Co‐morbidities by year among patients with definite dilated cardiomyopathy (DCM), hypertrophic cardiomyopathy, and obstructive hypertrophic cardiomyopathy diagnoses
| DCM |
1989–90 n = 17 |
1994–96 n = 47 |
1997–99 n = 60 |
2004 n = 92 |
2009 n = 132 |
Total n = 348 |
|---|---|---|---|---|---|---|
| Hypertension | 3 (17.6) | 13 (27.7) | 7 (11.7) | 23 (25.0) | 28 (21.2) | 74 (21.3) |
| Coronary artery disease | 0 | 9 (19.1) | 4 (6.67) | 11 (11.95) | 2 (1.51) | 26 (7.47) |
| Valve disease | 4 (23.5) | 7 (14.9) | 17 (28.3) | 12 (13.0) | 14 (10.6) | 54 (15.5) |
| Diabetes mellitus | 4 (23.5) | 8 (17.0) | 7 (11.7) | 18 (19.6) | 19 (14.4) | 56 (16.1) |
| Atrial fibrillation | 9 (52.9) | 14 (29.8) | 19 (31.7) | 27 (29.3) | 42 (31.8) | 111 (31.9) |
| Alcohol or drug abuse | 5 (29.4) | 11 (23.4) | 11 (18.3) | 23 (25.0) | 24 (18.2) | 74 (21.3) |
| Any co‐morbidity | 12 (70.6) | 33 (70.2) | 37 (61.7) | 64 (69.6) | 84 (63.6) | 230 (66.1) |
All values are presented as n (%). Owing to few cases, all cases from 1990 were included in 1989; all cases from 1996 were included in 1994; and all cases from 1997 were included in 1999. Records older than 1997 from Kungälv Hospital and 1999 from Lidköping Hospital were not identified. The same patients could have one to five co‐morbidities.

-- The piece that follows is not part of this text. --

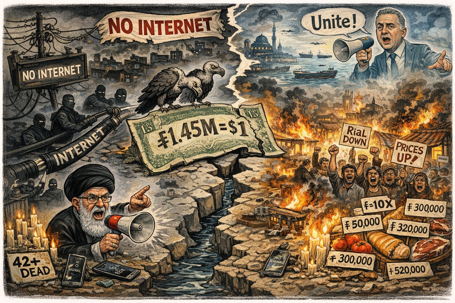🇮🇷 Iran blackouts follow rial collapse: The regime cut internet access as hyperinflation and currency devaluation triggered widespread national protests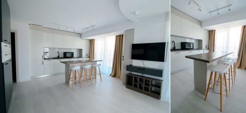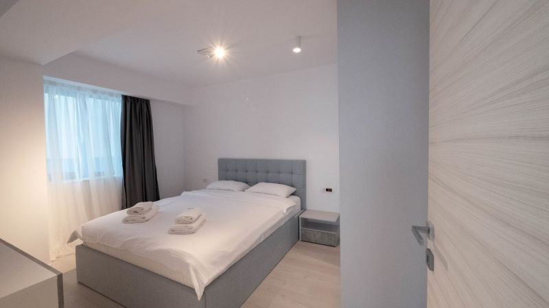 Wave 3 garsoniera (2): Garsoniera are o singura incapere spatioasa, cu un pat matrimonial si bucatarie open space. Capacitate maxima 2 persoane.

Two experienced cardiologists analysed separately 20 of the medical records and were in complete agreement. Finally, among 20 medical records with an HF code in the absence of any complementary diagnostic code for ischaemic heart disease, hypertension, tachycardia, atrial fibrillation, valvular disease, myocarditis, congenital heart disease, diabetes, and hyperthyreosis, three cases with an underlying cardiomyopathy were identified (one in 1997 and one in 1999 with DCM, and one in 2009 with peripartum cardiomyopathy). In all three records, the cardiomyopathy diagnosis was recorded in the text, but first on a later occasion registered as discharge diagnosis.
Discussion
The cardiomyopathy diagnoses were validated during the period 1989–2009 in three hospitals in western Sweden. The accuracy of the cardiomyopathy diagnoses during this 20 year period was >85%, with no significant differences between hospitals or time periods. To our knowledge, this is the first study to evaluate the validity of cardiomyopathy diagnoses.
In previous work, we found an unexpected rise in patients discharged with a diagnosis of cardiomyopathy.7 If this is the case, we can expect an increasing, heavy burden to the society of young patients with HF due to cardiomyopathy. Accordingly, we wished to investigate the accuracy of the diagnostic codes over time. To limit the impact of the change in definition over time, we used the 2008 classification8 because this was the most comprehensive, with an echocardiogram with a written report containing all relevant details as mandatory, and where a definite diagnosis of cardiomyopathy was not recorded if the echocardiography report was incomplete or missing.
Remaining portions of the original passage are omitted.